Before copying, set aside the pictures; then restate exactly the lines from the one with "KINTEIRO XF IMAX FABULA ET" through the last line of the records.
--- START ---
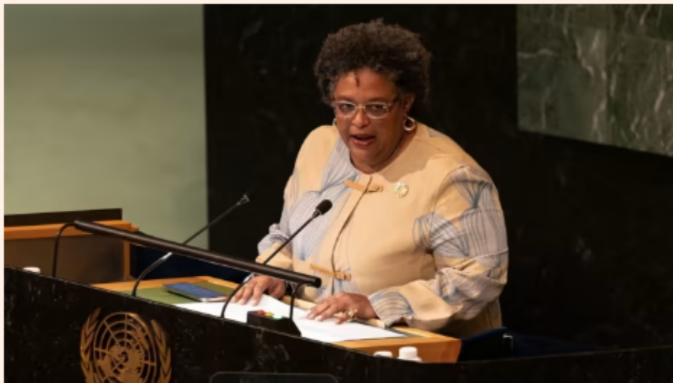
Addressing the UN general assembly this week, Barbadian prime minister Mia Mottley, is leading a push for a rethink of how the world pays for the effects of climate change.

Aime Williams in New York SEPTEMBER 24 2022
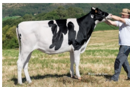
KINTEIRO XF IMAX FABULA ET
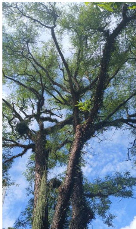
Figura 2. Registro da copa
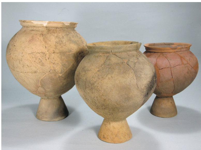
石田川遺跡出土土器（台付甕） 〔平成8年度河川改修工事に伴う発掘調査〕

外観はS字状に屈曲した口縁部、大きくはらんだ胴部が特徴。薄く仕上げられた器壁、外側は櫛状の工具によって装飾されている。下部には炉の中で自立するように台が付いている。
--- END ---
* [Exercise result]
KINTEIRO XF IMAX FABULA ET
Figura 2. Registro da copa
石田川遺跡出土土器（台付甕） 〔平成8年度河川改修工事に伴う発掘調査〕

外観はS字状に屈曲した口縁部、大きくはらんだ胴部が特徴。薄く仕上げられた器壁、外側は櫛状の工具によって装飾されている。下部には炉の中で自立するように台が付いている。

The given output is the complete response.